Each of these outcomes carries weight and should be carefully weighed against the perceived benefits of breaking the agreement.

Your key takeaway

Non-compete clauses place significant constraints on physicians’ career mobility—restricting where they can work, the scope of their practice, and even their ability to launch a private practice or maintain continuity of care with patients. These agreements often fuel dissatisfaction and burnout by reducing physicians’ bargaining power, delaying career transitions, and sometimes compelling them to remain in unfavorable positions or relocate. In response, there is increasing legal and regulatory momentum to ban or limit non-compete clauses in healthcare, with the FTC and several states pushing reforms—though these efforts continue to face legal hurdles.
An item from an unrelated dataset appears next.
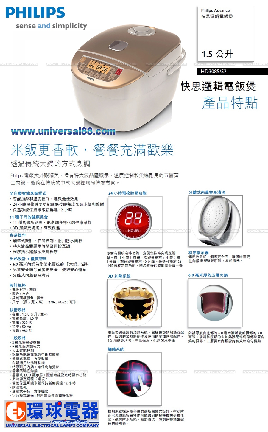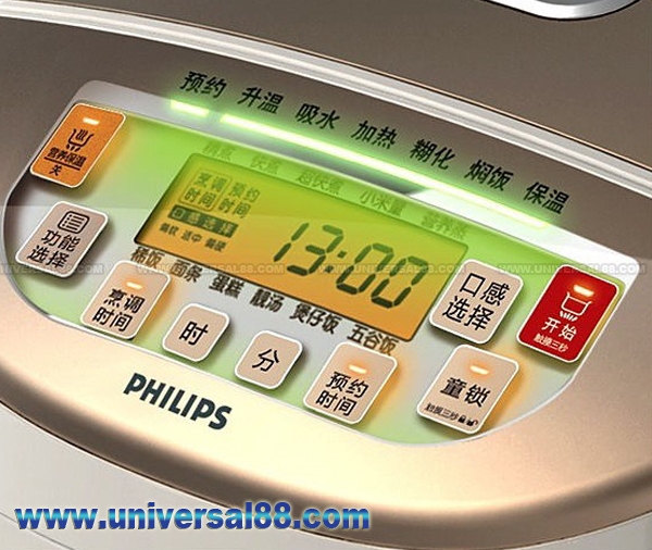 特點: 採用美國Whitford廚具軔用塗層五層瑰黃金內鍋, 3D加熱更均勻, 有效保溫 原廠二年保用 Advance 飛利浦快思邏輯電飯煲 2014年6月全新PHILIPS HD3085/52 Rice Cooker 24hr 小時預校時間功能確保按時完成烹調米飯和菜餚 亦備有預校定時功能, 方便您按時完成烹調一餐 按「小時」按鈕一次即會提前1hr小時 按「分鐘」按鈕即會提前10min分鐘 最多可提前24hr小時預校定時功能, 隨您喜好的時間享受每一餐 採用美國Whitford廚具專用塗層五層瑰黃金內鍋, 能夠在傳統的中式大鍋裡均勻 傳熱煮食全自動智能烹調程 保溫功能保持米飯新鮮達12hr小時 24hr小時預校時間功能確保按時完成烹調米飯和菜餚 智能加熱和溫度控制, 達致最佳效果 11種不同的健康美食 3D加熱更均勻, 有效保溫-電飯煲週邊設有加熱系統, 包括頂部的加熱器配件, 四週的加熱器配件和 底部的主加熱器配件 11種食物功能表, 能烹調多樣化的健康菜餚 包括標準烹調: 快煮 / 極速快煮 / 少米量 / 蒸煮 / 煲粥 / 壽司米 / 焗蛋糕 / 煲仔飯和什錦米 智能烹調程序助您輕鬆烹調美味香軟的米飯 特大液晶體顯示時間及預設烹調 程序指示器顯示烹調程序 觸感式設計, 容易控制, 耐用防水面板 控制系統採用高科技的嶄新觸感式設計, 有助防止出現傳統按鈕操作可能遇到的按鈕機械受損情況 還有防水功能, 易於清洗, 時刻保持精確敏銳的輕觸感 6.0毫米內鍋為您帶來傳統的「大鍋」滋味 兒童安全鎖令廚房更安全, 使您安心愜意 按下「兒童安全鎖」按鈕三秒, 即可鎖定控制面板 這樣便能鎖定操作面板, 確保兒童在烹調期間不會誤用電飯煲, 再按下「兒童安全鎖」按鈕三秒即可解除鎖定 分離式內蓋容易清洗 機身材料: 塑膠 容量: 1.5L公升/8量杯 電線長度: 1.0m 米 電壓: 220V 50Hz 瓦數: 980Watts 顏色: 白色控制面板 尺寸: W370 / H255 / D270 mm 顏色: 黃金 附有配件: 抺刀 / 湯勺 / 塑膠蒸架 / 量杯 Accessories: Measuring Cup, Rice Scoop & Steamer

Non-compete agreements are not gone yet, but they are controversial

Non-compete agreements remain in effect for now, but they continue to stir debate. While some legal and regulatory efforts have challenged their use, these clauses have not been eliminated entirely and still appear in many physician contracts. For any physician facing a job offer that includes a non-compete, it’s essential to weigh the potential benefits and limitations carefully. Depending on one’s long-term goals and local job market, agreeing to such terms may not always be in their best interest.

On Sermo, physicians can share their experiences with non-compete agreements, seek the advice of their peers, and discuss how to navigate non-competes in their contracts while laws vary widely and continue to evolve. Join the physician community to add your thoughts to the ongoing discussion.

People also ask

What does the geographic scope of a non-compete clause define?

This portion of the agreement defines the geographic parameters that a physician is restricted from taking a job within while they work for their current employer. In other words, an employer might require that an employee not take a job from a competitor within a 5-mile radius of their location. 

What is the typical duration for a physician non-compete agreement?

Generally speaking, these agreements tend to remain in effect for a period of about 1 to 2 years after they are signed.

What activities can be restricted under a physician non-compete agreement?

Any activity that involves a physician potentially accepting a job from a competitor may be restricted. However, there are limits to how much these agreements can restrict one’s free speech rights.

What is a buyout clause in a non-compete agreement?

Some non-compete agreements will include a buyout clause that allows the physician to pay a certain amount of money to get out of the non-compete agreement even after they have already entered it. That money is paid to the employer to be freed from the constraints of the non-compete agreement.